Ribonucleoside uptake and metabolism were studied in mouse oocytes arrested at dictyate and metaphase II, with or without attached cumulus cells. Uptake of uridine and guanosine decreased after meiotic maturation, whereas that of adenosine and cytidine remained unaltered. Dictyate oocytes free of cumulus cells (denuded) phosphorylated all of the radiolabeled ribonucleosides. Little radiolabeled ribonucleoside-5'-triphosphate was found. This is in contrast to the early mouse embryo, which rapidly converts ribonucleosides to the 5'-triphosphate (Daentl and Epstein, "71; Clegg and Piko, "77). Following meiotic maturation, the major metabolite present when metaphase II oocytes were cultured with cytidine or uridine was the ribonucleoside, whereas the 5'-monophosphate was still the major species for oocyte cultured with guanosine or adenosine.
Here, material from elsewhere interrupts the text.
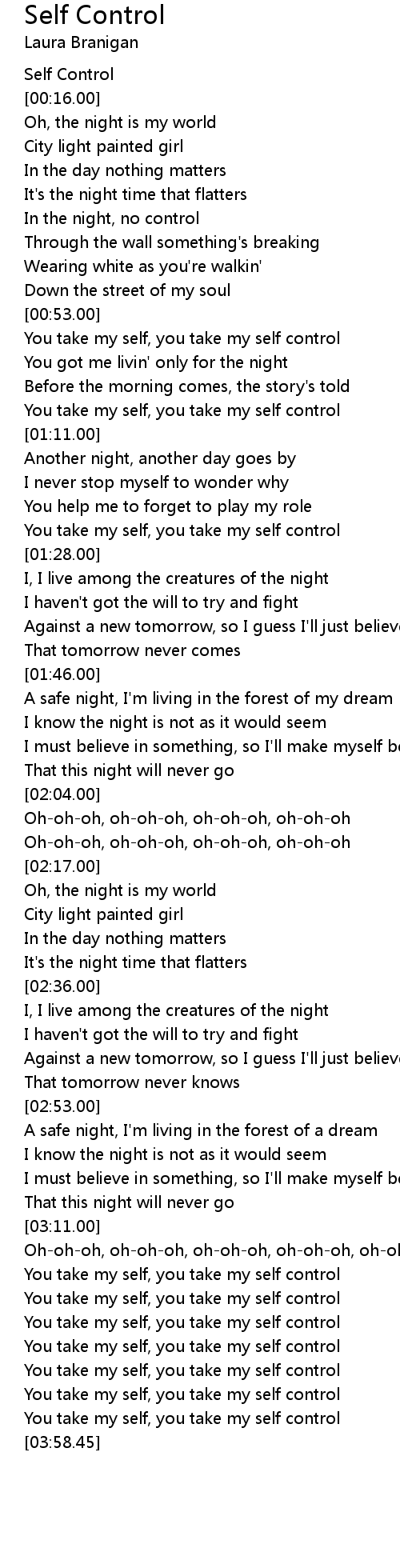 Self Control Lyrics

Ribonucleoside uptake was increased and the distribution of phosphorylated metabolites was different for cumulus-enclosed dictyate oocytes compared to their denuded counterparts. This increase in uptake and alteration in metabolite distribution was not observed for cumulus-enclosed metaphase II oocytes. These results are discussed in terms of gap junction-mediated metabolic cooperatively between the cumulus cells and the fully grown oocyte and the possible role this type of cell-to-cell interaction may serve during oocyte growth.